By New Journal of Physics | June 8, 2016

Physicists have shown that, by describing a quantum network as a mathematical graph, they can determine the best way to use quantum repeaters to achieve long-distance entanglement. Credit: Epping et al. ©2016 IOP Publishing

One of the most ambitious endeavors in quantum physics right now is to build a large-scale quantum network that could one day span the entire globe. In a new study, physicists have shown that describing quantum networks in a new way—as mathematical graphs—can help increase the distance that quantum information can be transmitted. Compared to classical networks, quantum networks have potential advantages such as better security and being faster under certain circumstances.

“A worldwide quantum network may appear quite similar to the internet—a huge number of devices connected in a way that allows the exchange of information between any of them,” coauthor Michael Epping, a physicist at the University of Waterloo in Canada, told Phys.org. “But the crucial difference is that the laws of quantum theory will be dominant for the description of that information. For example, the state of the fundamental information carrier can be a superposition of the basis states 0 and 1. By now, several advantages in comparison to classical information are known, such as prime number factorization and secret communication. However, the biggest benefit of quantum networks might well be discovered by future research in the rapidly developing field of quantum information theory.”

Quantum networks involve sending entangled particles across long distances, which is challenging because particle loss and decoherence tend to scale exponentially with the distance.

In their study published in the New Journal of Physics, Epping and coauthors Hermann Kampermann and Dagmar Bruß at the Heinrich Heine University of Düsseldorf in Germany have shown that describing physical quantum networks as abstract mathematical graphs offers a way to optimize the architecture of quantum networks and achieve entanglement across the longest possible distances.

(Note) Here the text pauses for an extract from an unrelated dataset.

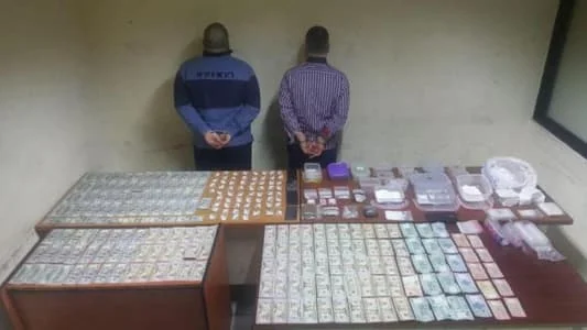 وبتفتيشهما والسيارة ضبط بحوزة الاول: /62/ غ من مادة الكوكايين مقسمة ومعدة للترويج داخل مظاريف، مبلغ مالي عبارة عن /10,670/$، /50/ يورو و/1,500,000/ ل.ل.، /4/ هواتف خلوية، بطاقة هوية ورخصة سوق مزورتَين.

“A network is a physical system,” Epping explained. “Examples of a network are the internet and labs at different buildings connected by optical fibers. These networks may be described by mathematical graphs at an abstract level, where the network structure—which consists of nodes that exchange quantum information via links—is represented graphically by vertices connected by edges. An important task for quantum networks is to distribute entangled states amongst the nodes, which are used as a resource for various information protocols afterwards. In our approach, the graph description of the network, which might come to your mind quite naturally, is related to the distributed quantum state.”

In the language of graphs, this distributed quantum state becomes a quantum graph state. The main advantage of the graph state description is that it allows researchers to compare different quantum networks that produce the same quantum state, and to see which network is better at distributing entanglement across large distances.

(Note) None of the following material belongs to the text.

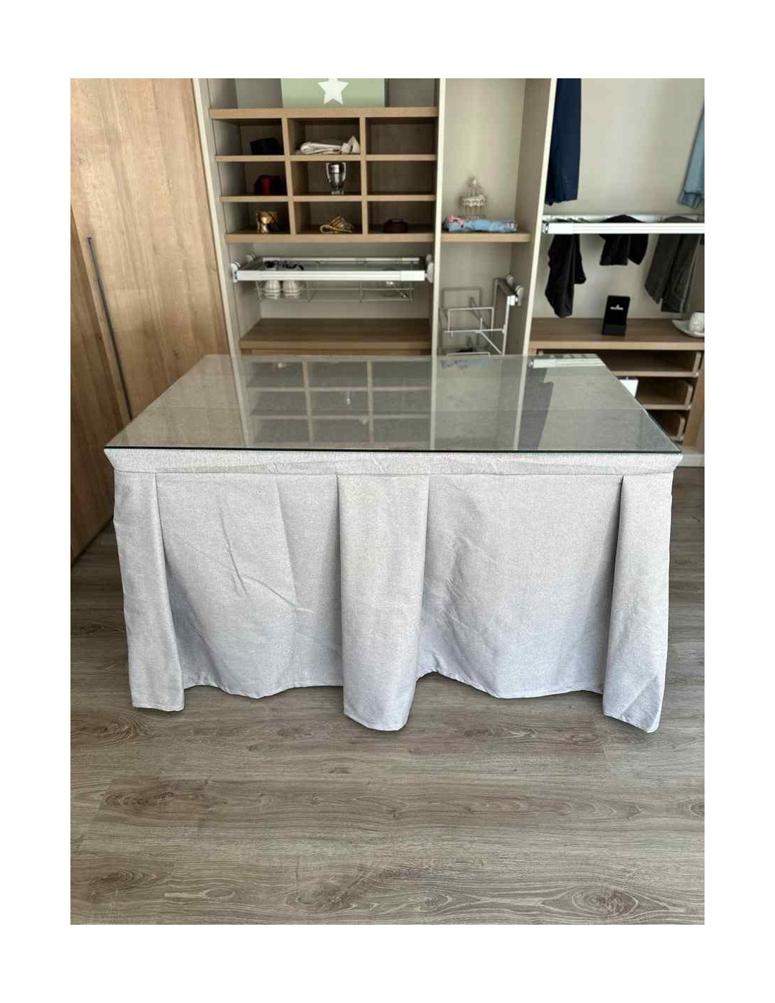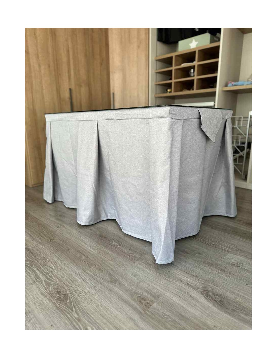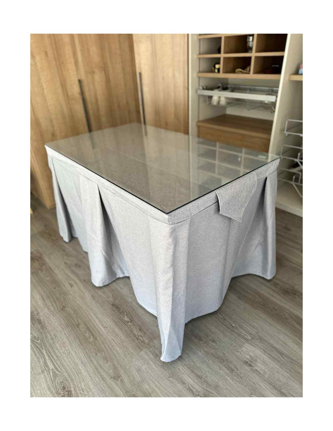 Vista su mesa de camilla con esta ropa de gran calidad y diseño italiano. Su tejido antimanchas le dará tranquilidad en el caso de que tenga pequeños o mascotas en casa. Este tipo de enaguas repele todo tipo de líquidos y evita, de esta manera, que la mancha llegue a quedarse impregnada en el tejido.

Quantum networks differ mainly in how they use quantum repeaters—devices that offer a way to distribute entanglement across large distances by subdividing the long-distance transmission channels into shorter channels.

Here, the researchers produced an entangled graph state for a quantum network by initially defining vertices with both nodes and quantum repeaters. Then they described how measurements at the repeater stations modify this graph state. Due to these modifications, the vertices associated with quantum repeaters are removed so that only the network nodes serve as vertices in the final quantum state, while the connecting quantum repeater lines become edges.

In the final graph state, the weights of the edges correspond to the number of quantum repeaters and how far apart they are. Consequently, by changing the weights of the edges, the new approach can optimize a given performance metric, such as security or speed. In other words, the method can determine the best way to use quantum repeaters to achieve long-distance entanglement for large-scale quantum networks.

In the future, the researchers plan to investigate the demands for practical implementation. They also want to extend these results to a newer research field called “quantum network coding” by generalizing the quantum repeater concept to quantum routers, which can make quantum networks more secure against macroscopic errors.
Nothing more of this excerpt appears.